Nash Equilibrium and Prisoner’s Dilemma

The Nash equilibrium is the stable game state in which players do not gain an advantage by altering their strategies if their rivals also keep their strategies intact. For example, there are two companies, X and Y. Each of them can choose to have high or low prices. If both X and Y chose to install low prices for their products, each of them would receive $5mln. However, if both X and Y decide to go for the low prices, they will receive $3mln. In case X decides to have high prices and Y decides to have low prices, X receives $6mln in comparison with two mln for Y. If both X and Y choose the same strategy, no rival will suffer due to the rival’s deviance from the common optimal strategy.

The prisoner’s dilemma is a paradox that illustrates how two rational players will not always cooperate even if the conditions ask for it. For example, company X decides to decrease the price. While company Y has no choice but to follow the strategy, Y chooses not to do so. This leads to company X may win market share and increasing profits while Y experiences losses.
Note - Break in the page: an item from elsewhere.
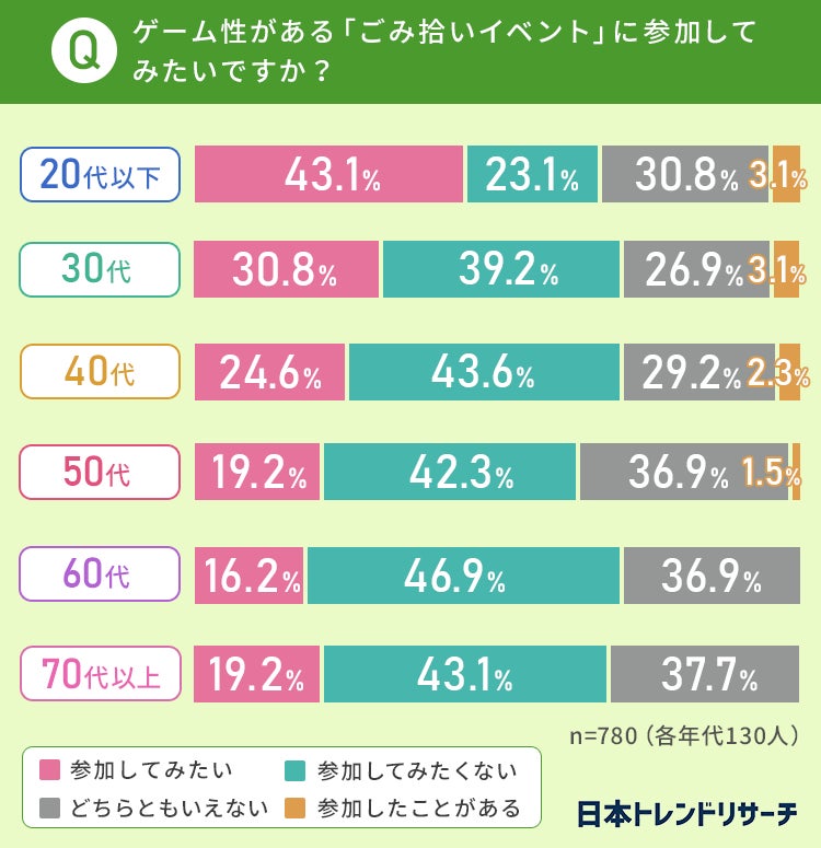 ◆20代の43.1%が、ゲーム性のあるごみ拾いイベントに「参加してみたい」

When the demand is elastic, an increase in price will bring fewer sales revenue. Since the consumers are responsive to price, having a large markup will lead to fewer sales and customers.

The prisoner’s dilemma is not always a Nash equilibrium because there are situations when the players are not cooperating, trying to benefit despite the adverse outcomes for the other player. Moreover, the Nash equilibrium is the solution to the prisoner’s dilemma because, given that the players know about each other’s strategies, they can develop their own accordingly.

The Nash equilibrium of a prisoner’s dilemma is characterized as the choices that benefit both players according to the strategies used by the rival player. The optimal strategy is not always used according to the concept of Nash equilibrium, yet the outcomes are positive for both players.